In the weeks after my move to the Bayou City, this new world came to seem a little less novel to me every day. As the seasons changed, I learned just how different Texas is from the northeast. During my first Houston February, my mind was blown by the local strawberries. In New England, they usually come into season in June. But it was in thinking about seasonality and the local food system that I started to see the major hole in Houston’s very impressive culinary game.

What’s lacking here is something I loved about Vermont: a glut of farms, each with a unique personality. The farm-to-table food system is alive and well in that tiny state, which afforded me unique opportunities, like interning as a nose-to-tail butcher. Even when I wasn’t arguing with my mentor about whether to cut country ribs or leave full-sized chops, I was getting to know my food on a first-name basis.
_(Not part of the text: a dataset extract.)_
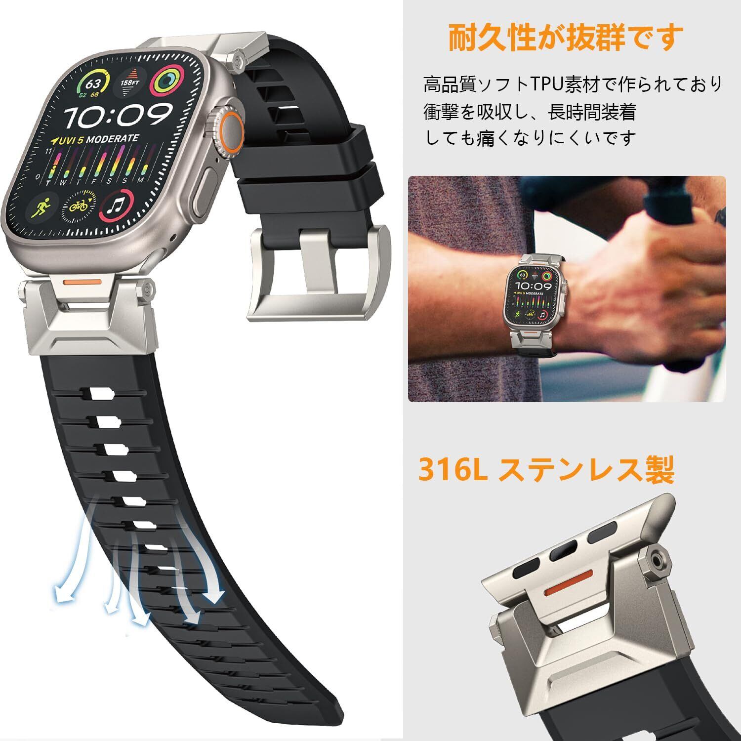 新登場 アップルウォッチ バンド ultra 49mm/46mm/45mm/44mm/42mm Series 10/9/8/7/SE2/SE/6/5/4/3/2/1 Apple Watch バンド スポーツ 防水 TPU 柔らかい アップルウォッチ ベルト メンズ スポーツ (ブラック-ブラック, 49mm/46mm/45mm/44mm/42mm)

I still get Facebook updates from my favorite family of Scottish Highland cattle.

I’m no hippie, but I like to know where my food comes from. It predicts both quality and health of the ingredients, not to mention ethics. But whereas the provenance of ingredients was listed with fanaticism in Vermont, at all but the most scrupulous Houston restaurants, I still find the staff doesn’t seem to know or care. 

My oft-repeated nightmare scenario is asking a server to identify the cheese on the cheese plate that’s been presented to me. “Houston Dairymaids,” is the eternal answer. When I protest that that’s not a farm or even a type of cheese but a distributor, they typically go to the kitchen and ask the chef. “Houston Dairymaids,” they usually affirm. And even when foods are “local,” that often means they’re from 100 miles afield or more—light years in New England terms.

Fortunately, those food miles are dwindling. I do see more local farms mentioned on menus than I did when I first got here. And a few intrepid Houstonians are doing what they do best—innovating—to make farming work deep in the city. There's beautiful Finca Tres Robles and its farm dinners, and Plant It Forward Farm, which trains refugees to become urban farmers. And I’ve recently become a fan of Acre in a Box, a farm that grows hydroponic greens in two shipping containers smack in the middle of Midtown.

Anyway, if most sourcing remains sloppy, and restaurant recycling seemingly nonexistent, well, those are the only things I’m missing here, broadly speaking. I came to Houston for diversity, and I got it. There was a time not long ago that I had to travel across international borders to buy gochujang. Now I can get the red-chile paste whenever I want—not that I get to make my signature gochujang-rubbed beef ribs or my gochujang-almond butter dressing often. If I’m not dining out for work, I’m usually out socializing, something else I didn’t do much of up north. The convenience of living in a city that has practically everything I want is still novel—the feeling remains as if I’ve just been released from captivity. And I can gather friends for a bulgogi feast whenever I want.

But one thing I hope I’ll never do is take Houston’s dining for granted. There’s a world of eating here, much of it also world-class. And it’s just getting better.